Amy Seybert, dean of Pitt’s School of Pharmacy, was elected as 2023 president of the Accreditation Council for Pharmacy Education (ACPE) board of directors.

The professor of pharmacy and therapeutics has served on the board of the ACPE, which is recognized as the national agency for accreditation in pharmacy education, for the past five years. Seybert was elected to the board by the American Pharmacists Association.

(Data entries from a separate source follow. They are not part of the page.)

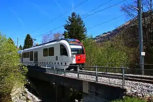 The Palézieux–Bulle–Montbovon railway line is a 1,000 mm (3 ft 3+38 in) metre gauge railway line in the canton of Fribourg, Switzerland. It runs 43.2 kilometres (26.8 mi) from Palézieux to Montbovon. The line is owned and operated by Transports publics Fribourgeois (TPF).
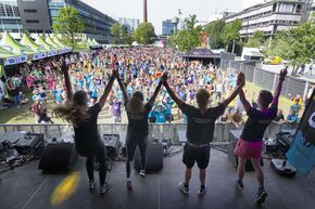 De fanatiekelingen op het podium krijgen de groep toch in no-time in beweging. Oké, niet de hele groep, maar er zijn toch genoeg studenten die enthousiast mee bewegen. Het joggen gaat nog, bij de push-ups krijgen ze het al wat zwaarder en bij de jumping jacks en burpees overstijgt het gekreun bijna de muziek.
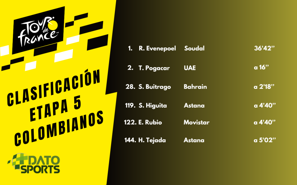 Mientras que el esloveno Tadej Pogacar (UAE Emirates) quien fue segundo en la fracción a 16 segundos del vencedor, se apoderó del maillot amarillo de líder y Santiago Buitrago (Bahrain-Victororious) fue el mejor colombiano en la jornada y ganó tres puestos en la general.
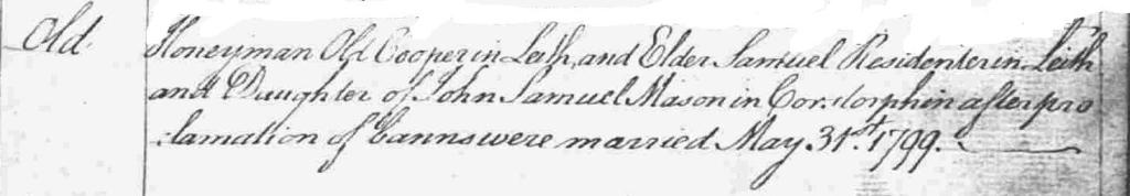 Honeyman Old was the first brick wall that I tackled in my paternal line. According to the Old Parish Register of Banns & Marriages for Leith South parish in Midlothian: “Honeyman Old, Cooper in Leith, and Elder Samuel, Residenter in Leith, and Daughter of John Samuel, Mason in Corstorphine, after proclamation of banns were married, May 31st 1799.”

Seybert, who also oversees clinical pharmacy faculty services as pharmacy residency administrator at UPMC, has more than 19 years of accreditation survey experience.

Along with accrediting pharmacy degree and continuing education programs in the United States, the ACPE offers certification to international degree programs and pharmacy technician education and training programs.

Three Pitt leaders named to Pittsburgh Business Times Power 100 list

Pitt was well-represented in the 2023 Power 100 list, a ranking of influential business leaders from the Pittsburgh Business Times.

Chancellor Patrick Gallagher is on the list for the putting Pitt on a path of “growth, expansion and momentum.” The publication cited the University’s growth in research and grant funding, an increase in gifts and new facilities as some of his accomplishments in the role.

Evan Facher, Pitt’s vice chancellor for innovation and entrepreneurship and associate dean for commercial translation, is recognized for helping faculty and students reach the commercial and societal potential of their discoveries. Don Yealy, chair of Pitt’s Department of Emergency Medicine, made the list for managing 40 hospitals as chief medical officer at UPMC.

View the full Power 100 list, which also include 18 Pitt alumni.

Pitt podcast nominated for Ambie award

A history podcast out of Pitt’s Center for Russian, East European and Eurasian Studies (REEES) was nominated for Best DIY Podcast at the Awards for Excellence in Audio, or the Ambies.

REEES Digital Scholarship Curator Sean Guillory wrote, edited and produced the six-part series “Teddy Goes to the USSR.” The audio documentary, which is Guillory’s first venture into the genre, examines everyday life in the Soviet Union in 1968 through the eyes of an American who spent three months in the country. The podcast was supported with funding from the Carnegie Corporation of New York.

Guillory also produces “SRB Podcast,” which features interviews on Eurasian politics, history, and culture with writers, filmmakers and policy figures from around the world. The show boasts more than 1.7 million downloads.

The 2023 Ambies award ceremony is March 7; it will be streamed live from Las Vegas on the Amazon Music Channel on Twitch.